I like the name because it's quite generic; it just means "agent of the religion," which could be anything from a monk or priest to a templar or "inspired" fanatic.  I've got the fluff written for the "Pious Cleric" archetype, and I think that would fit what you're talking about.

The Napoleonic Army is an antidote to anything, I had discovered ;).

And I guess you're right. My point was to distinct between Cleric and Priest, so to speak, because of the reasons you had posted.

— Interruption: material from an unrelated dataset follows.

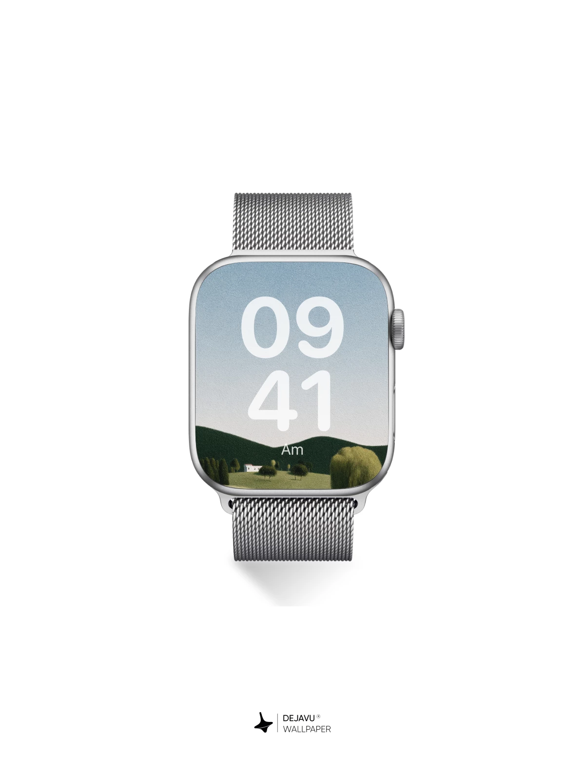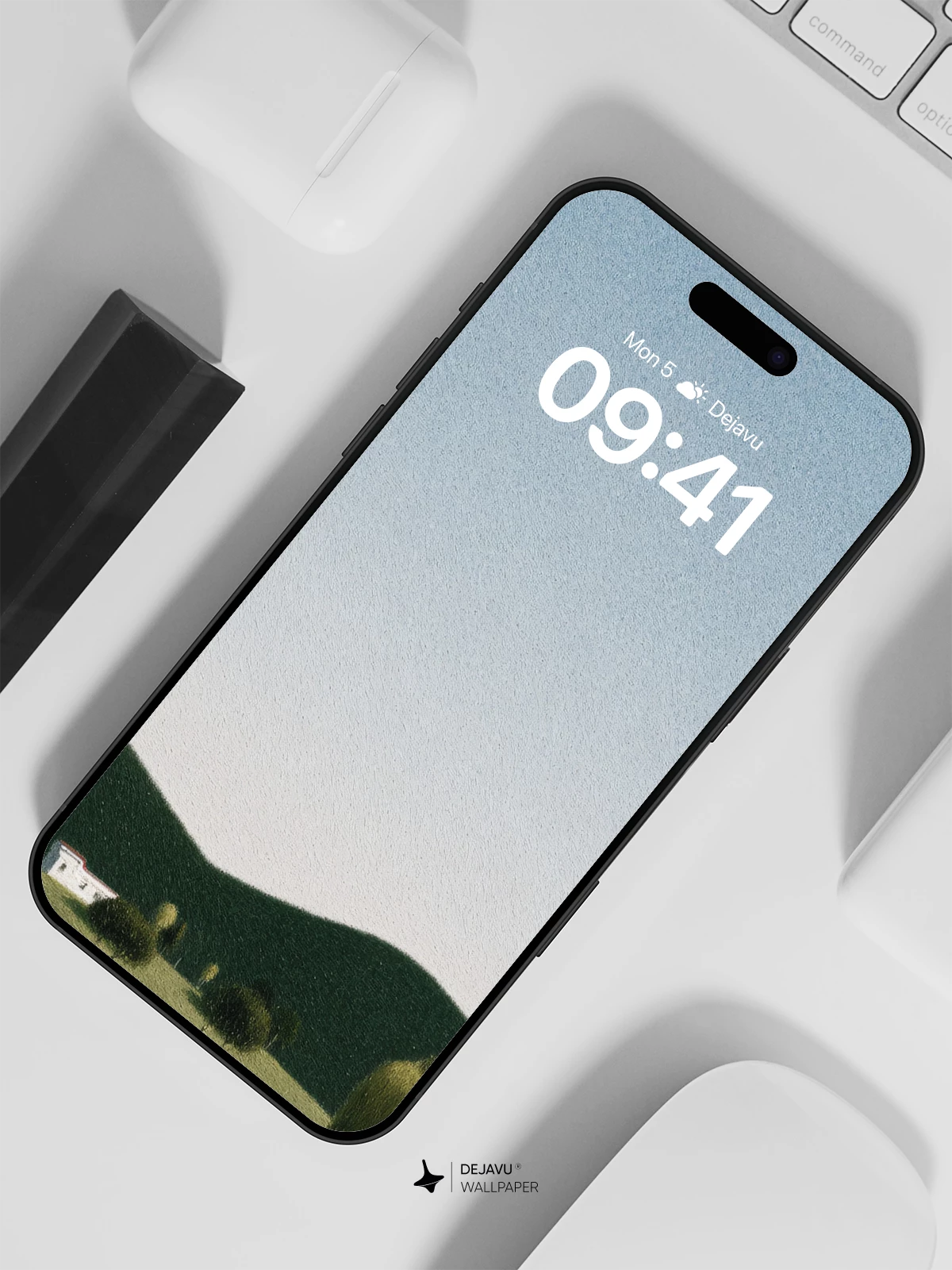 A minimalist landscape featuring gentle green hills and a clear sky. A small white house sits in the distance, adding a touch of life. This 8K wallpaper is perfect for iPhone and Android screens, offering a clean and peaceful background.

Quote from: Marleycat;516630I was going to say something but Rincewind1 basically already said anything I would say beyond maybe doing something like Warhammer and using a dual insanity/corruption track for arcane magic use.

I'd second this in a way - magic generally as source of Corruption. Of both mind and body.
Furthermore, I consider that  This is Why We Don\'t Like You thread should be closed

Marleycat

Quote from: misterguignol;516634I like your suggestion, but I also don't want to stray too far from the LotFP rules.  Rince did convince me to work up a system for Terror, Horror, and Madness.  I could give some notes in the text how that might fit together with the magic system.

Cool.  You are talking about Lamentations of the Flame Princess I assume?  Never read it myself but I hear good things about it.
Don\'t mess with cats we kill wizards in one blow.;)

misterguignol

Quote from: Marleycat;516638Cool.  You are talking about Lamentations of the Flame Princess I assume?  Never read it myself but I hear good things about it.

I am indeed!  That acronym really throws people off, I should stop be lazy and type it all out ;)

You can actually download an art-free version of the rules from the publisher's website if you want to check it out.  The rules are basically a thematically-skewed version of B/X D&D.